We know the final opposition, Being and the ought, well enough: Being, what is, may well be opposed to what ought to be. Heidegger again sees the root of this in Plato’s ideas: “As Being itself becomes fixed in its character as idea, it also tends to make up for the ensuing degradation of Being. But by now, this can occur only by setting something above Being that Being never yet is, but always ought to be” (GA 40, 206/IM, 220). Heidegger deems this a nihilism that manifests the oblivion of Being (GA 40, 211–12/IM, 226), for it has laid the foundation for value-thinking: values become the ground for the ought as what negate Being and set something up in its stead as what ought to be. And this is where Heidegger makes his infamous claim, when, condemning the theories of hack Nazi Party intellectuals, he writes that, “what is peddled about nowadays as the philosophy of National Socialism, but which has not the least to do with the inner truth and greatness of this movement [namely, the encounter between global technology and modern humanity] is fishing in these troubled waters of ‘values’ and ‘totalities’” (GA 40, 208/IM, 221; Heidegger’s brackets). At this point, the reader must decide how far to go with Heidegger in this Introduction : Is the question of Being more than an empty word-play, and if it is, does it really imply the intellectual and political deconstruction of the West that Heidegger demands? Or does the Western tradition retain resources that exceed Heidegger’s apocalyptic confrontation?


NOTES AND REFERENCES


1 See Herbert Marcuse and Martin Heidegger, “An Exchange of Letters” and Jürgen Habermas, “Martin Heidegger: On the Publication of the Letters of 1935,” in ed. Richard Wolin, The Heidegger Controversy (Cambridge: MIT Press, 1993).

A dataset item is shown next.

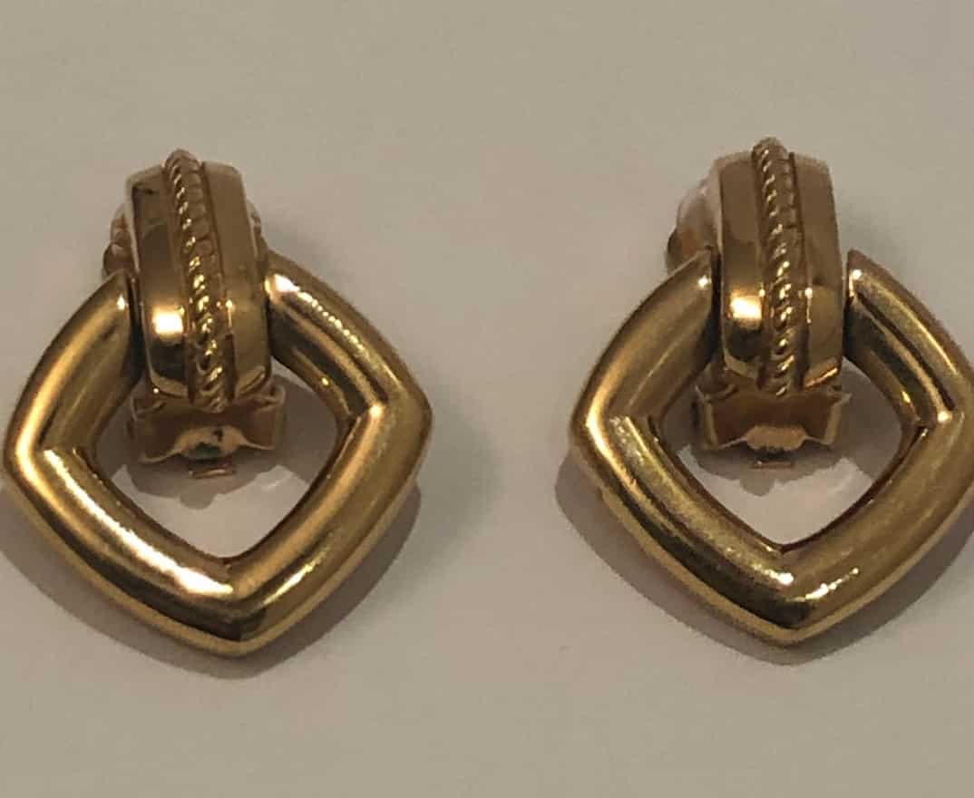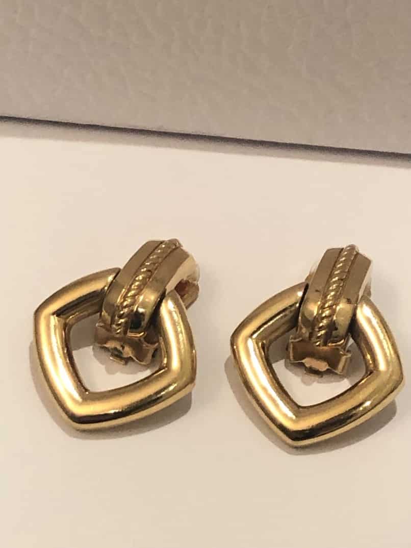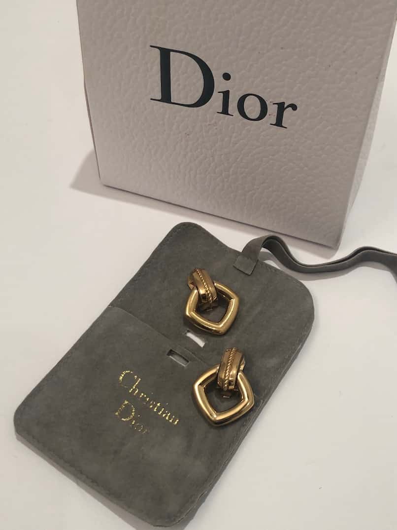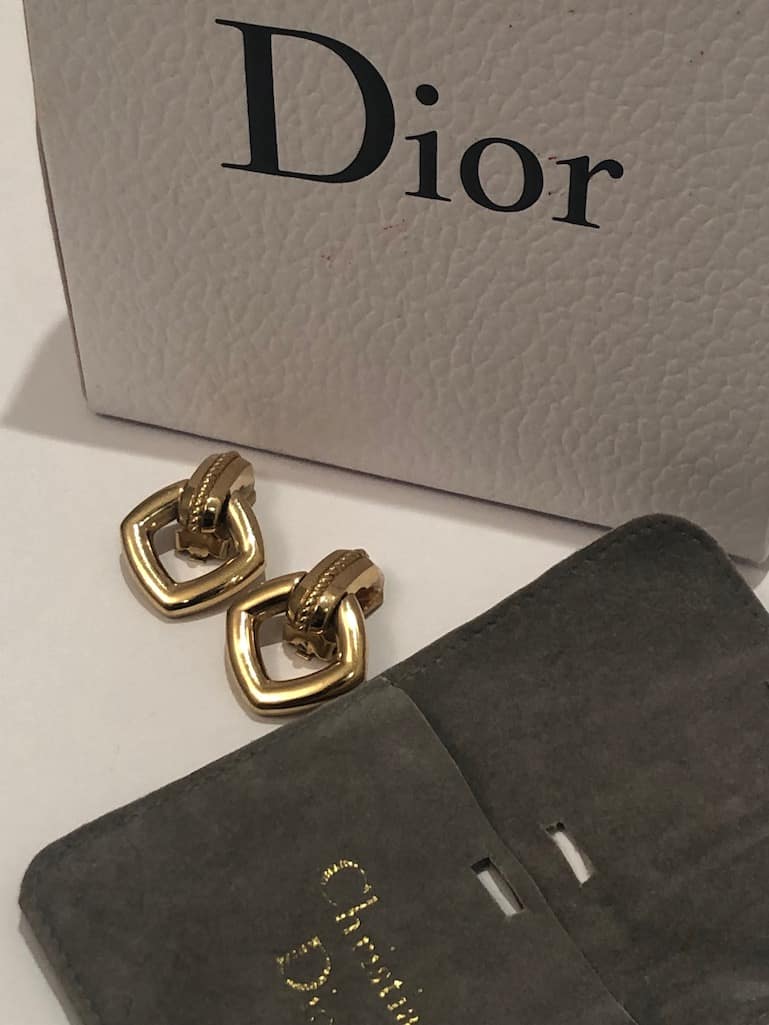 A lovely pair of vintage Christian Dior clip-on earrings, diamond shape in gold tone with tiny crystals in perfect condition. ‘Dior j’Adore’, for everyday use.

2 See Gregory Fried, “What’s in a Word? Heidegger’s Grammar and Etymology of ‘Being,’” in ed. R. Polt and G. Fried, A Companion to Heidegger’s Introduction to Metaphysics (New Haven: Yale University Press, 2001).

{ beyng.com:: IM page references in the original have been updated to 2nd edition pagination. Greek words have been un-Roman-ized where Heidegger used Greek. }

3 For more on this theme, see Gregory Fried, Heidegger’s Polemos: From Being to Politics (New Haven: Yale University Press, 2000).